DeLay is scheduled to come to the mic around 8:40 pm ET.
Behind the scenes, organizers are telling guests to use the occasion NOT solely as a celebration of DeLay but as a celebration of the conservative movement --- the triumph of pushing the judicial nominees forward, the Bolton vote, etc.
And that's what DeLay intends to speak about: he'll trace the conservative movement as he sees it from 1994 to the present, with specific references to what he believes he and his colleagues have accomplished. There'll be plenty of red meat, too.
And so there will be protests outside the Capital Hilton, and the United States Capitol Police will augment a perimeter with armed patrols and barricades. Democrats have already begun to use the occasion to press DeLay and Republicans on ethics matters. They'll drop research today showing what they consider to be questionable activities of several of the banquet's founders.
We expect RNC chairman Ken Mehlman and whip Roy Blunt to attend. Look for many Friday stories about who DIDN'T attend, though, at $250 a pop, it ain't cheap.
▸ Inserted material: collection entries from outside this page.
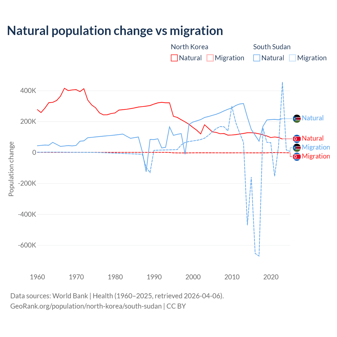 Over the last 10 years, 97.7% of the population change in North Korea is from natural causes (a gain of 1,097,372 people) and 2.33% is from migration (a loss of 26,227 people). In South Sudan 57.4% is from natural causes (a gain of 1,792,135 people) and 42.6% is from migration (a loss of 1,329,606 people).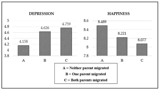 Figure 1, children with one and especially two migrant parents had more severe depression and lower subjective happiness.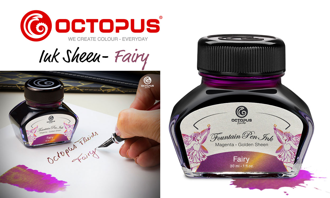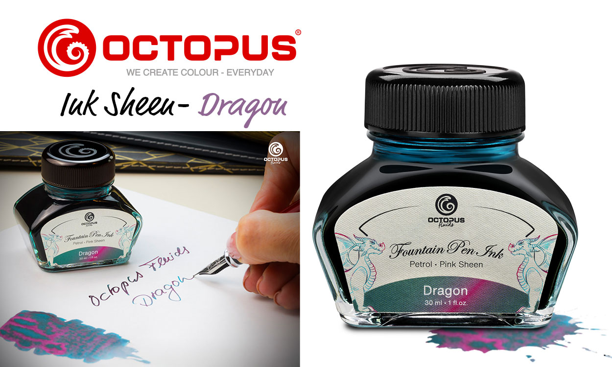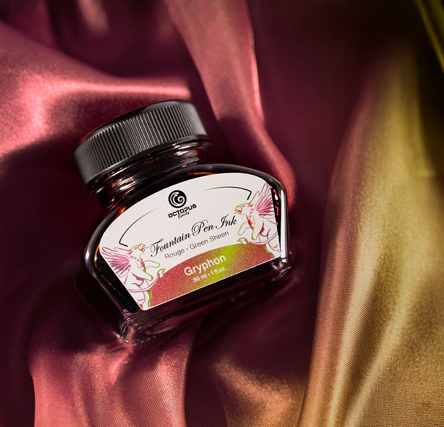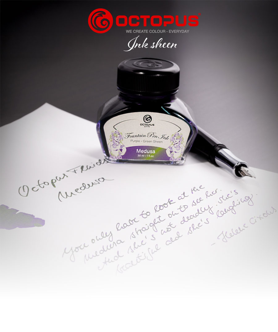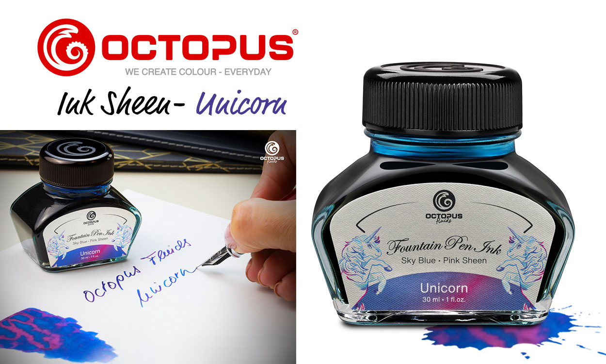 Prepárate para una experiencia de escritura fascinante. La colección Octopus Fluids Sheen, inspirada en criaturas míticas como el Unicornio o la Medusa, ofrece un espectacular efecto bitono: un resplandor metálico en tonos cobre, oro o rosa que flota sobre el color base y cambia según el ángulo de la luz.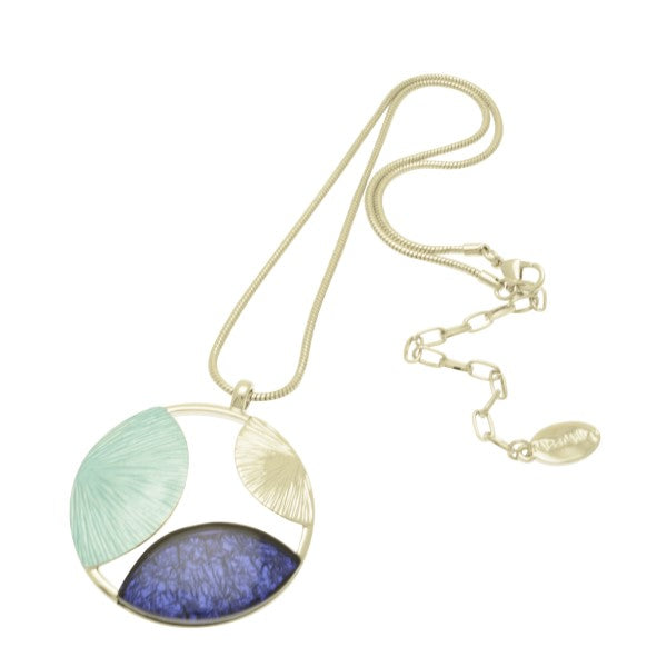 Ellipses of mid blue resin, handpainted turquoise and shiny silver sit within a circular pendant of approximately 5cm diameter. The pendant hangs from a 41cm/16″ snake chain with 8cm extender.
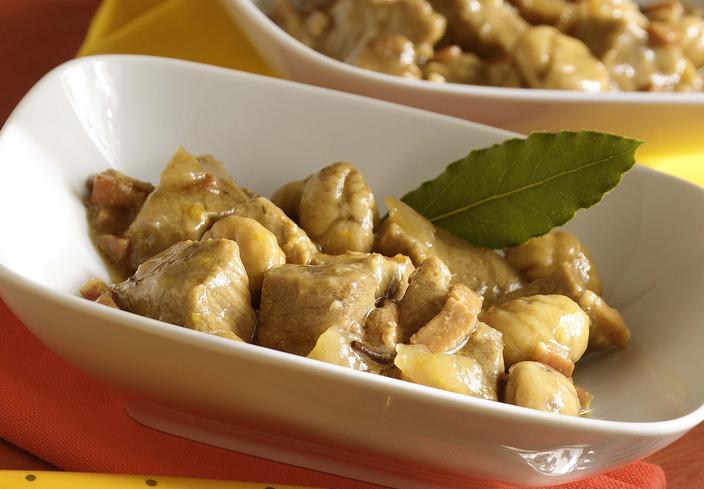 Estofado de carne de cordero con menestra de verduras y puré de patatas
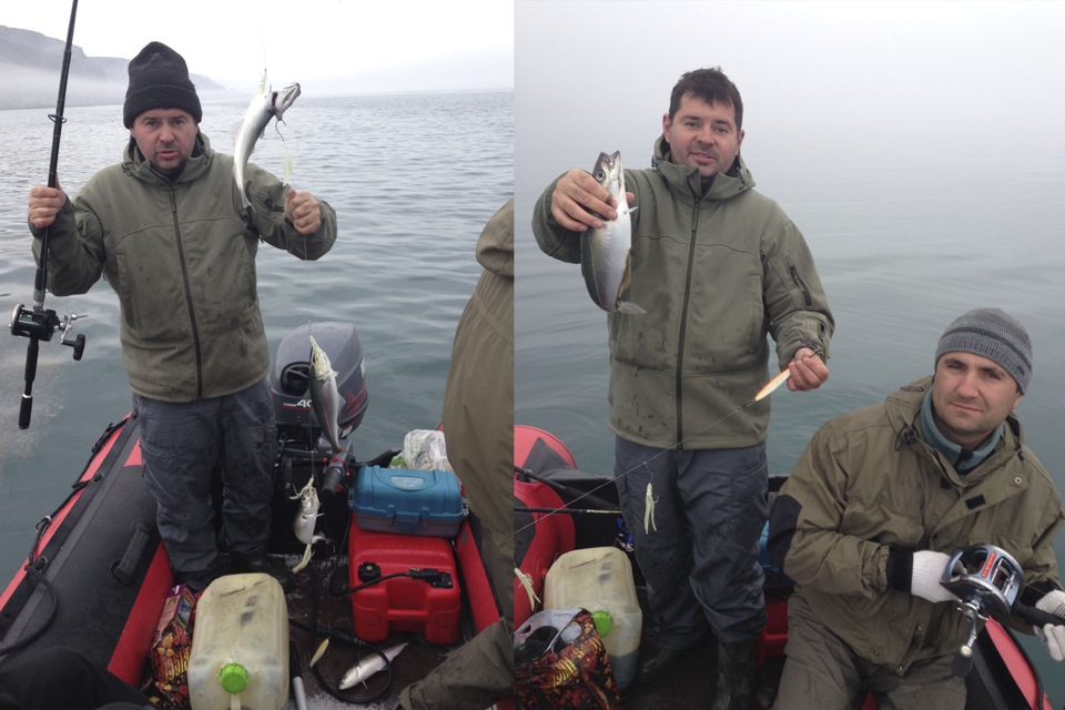 Но зато рыбалка что надо. Мы вышли на глубину, где хорошо себя чувствуют не только субмарины, но и косяки рыбы. Без усилий на одну уточку, можно легко поймать до 50 кг трески. Нам попадались средние особи по 0,6 кг и крупные 1,5-2 кг.

Meanwhile, CongressDailyAM reports that the House Ethics Committee is working to figure out staffing and logistics and has begun to look broadly into the practice of congressional travel. And Rep. Marty Meehan is still looking for Republican co-sponsors for his lobbying reform act. (Can someone explain to us why Christopher Shays hasn't already signed on?)